What needs to be done
Reproduce every record below exactly as written, leaving out any pictures.

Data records
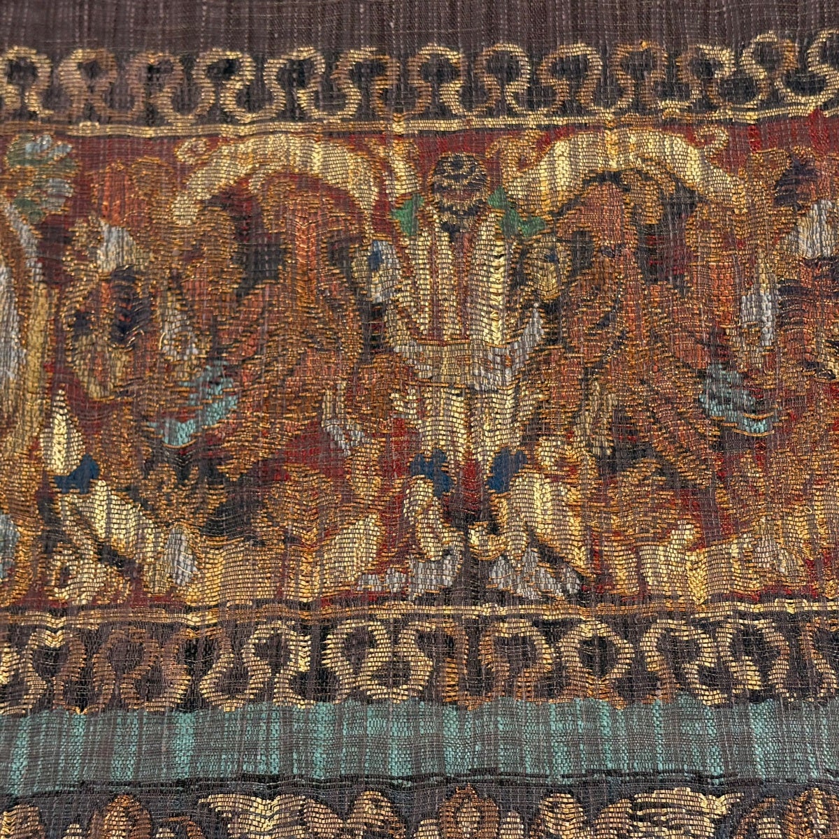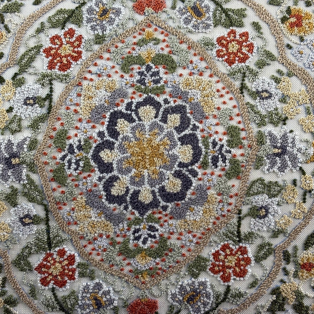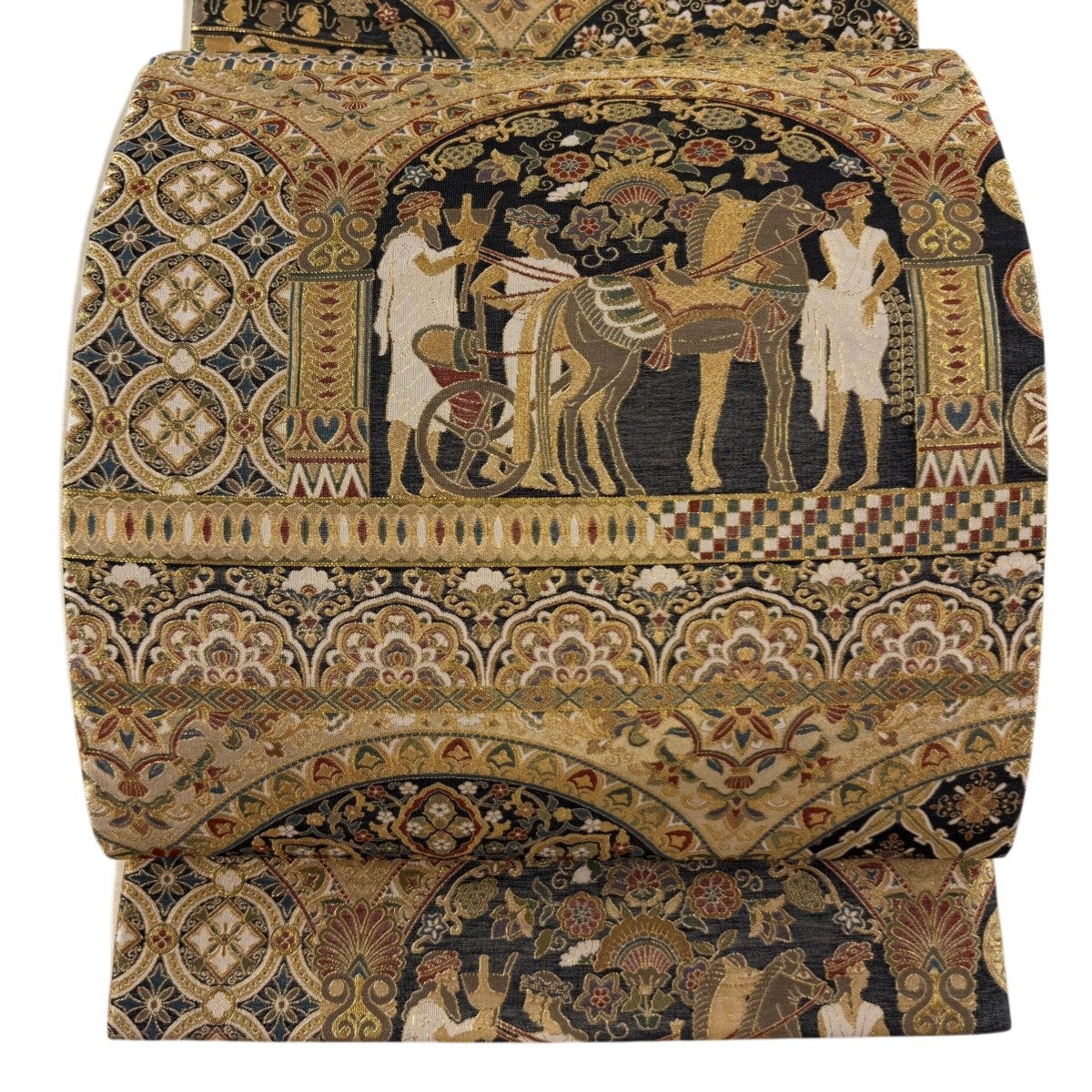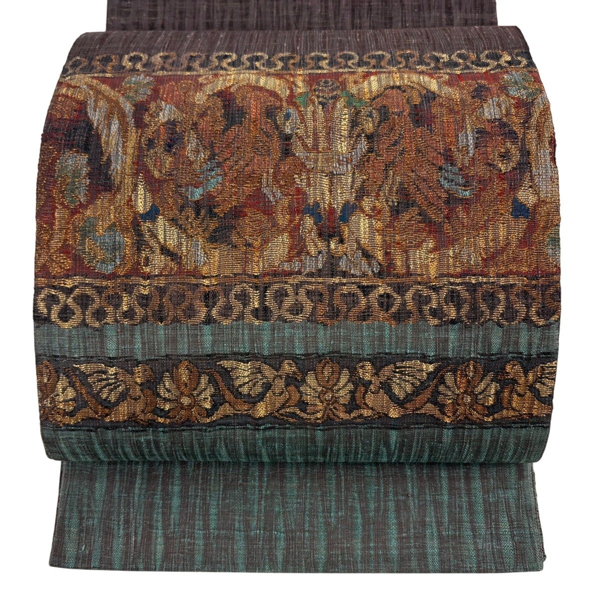 袋帯 逸品 華文 花唐草 刺繍 金糸 ベージュ 全通 正絹
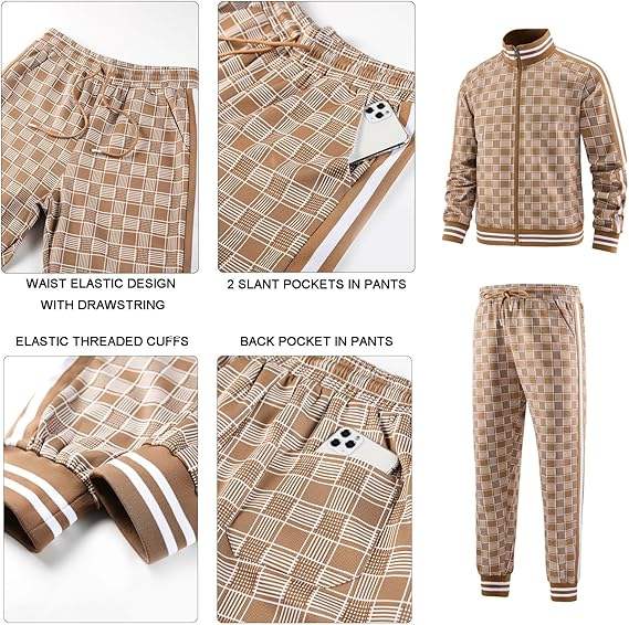 ชุดวอร์มผู้ชายแบบซิปเต็มตัว แขนยาว ลายสก็อต เสื้อแจ็คเก็ตและกางเกงขายาว 2 ชิ้น
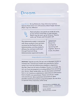 Wearable wellness patches with sustained release of ingredient up to 8-12 hours. Each unit contains 4 patches in a resealable pouch. All patches are vegan, cruelty free, made without latex, and paraben free Made in the USA, with global ingredients Perfect for beauty rest, travel, or even just a good nap. Infused with Melatonin, Hops, and Valerian Root. Ingredients: FINAL SALE - CANNOT BE RETURNED OR EXCHANGED
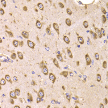Immunohistochemistry of paraffin-embedded Mouse brain using EEF1B2 antibody at dilution of 1:100 (x40 lens).
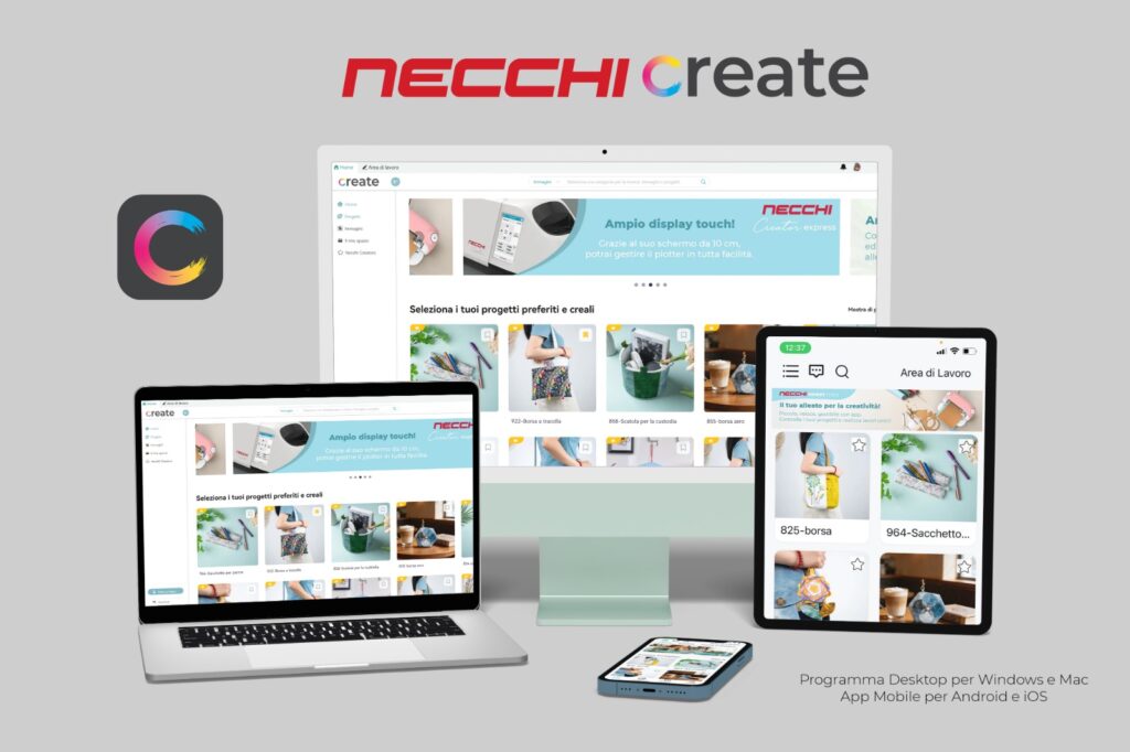 Necchi Create è il software Necchi pensato per rendere il taglio creativo con i plotter Necchi Creator Express e Necchi Sweet Mini immediato, intuitivo e accessibile a tutti.

Solution for this problem
 袋帯 逸品 華文 花唐草 刺繍 金糸 ベージュ 全通 正絹
 ชุดวอร์มผู้ชายแบบซิปเต็มตัว แขนยาว ลายสก็อต เสื้อแจ็คเก็ตและกางเกงขายาว 2 ชิ้น
 Wearable wellness patches with sustained release of ingredient up to 8-12 hours. Each unit contains 4 patches in a resealable pouch. All patches are vegan, cruelty free, made without latex, and paraben free Made in the USA, with global ingredients Perfect for beauty rest, travel, or even just a good nap. Infused with Melatonin, Hops, and Valerian Root. Ingredients: FINAL SALE - CANNOT BE RETURNED OR EXCHANGED
Immunohistochemistry of paraffin-embedded Mouse brain using EEF1B2 antibody at dilution of 1:100 (x40 lens).
 Necchi Create è il software Necchi pensato per rendere il taglio creativo con i plotter Necchi Creator Express e Necchi Sweet Mini immediato, intuitivo e accessibile a tutti.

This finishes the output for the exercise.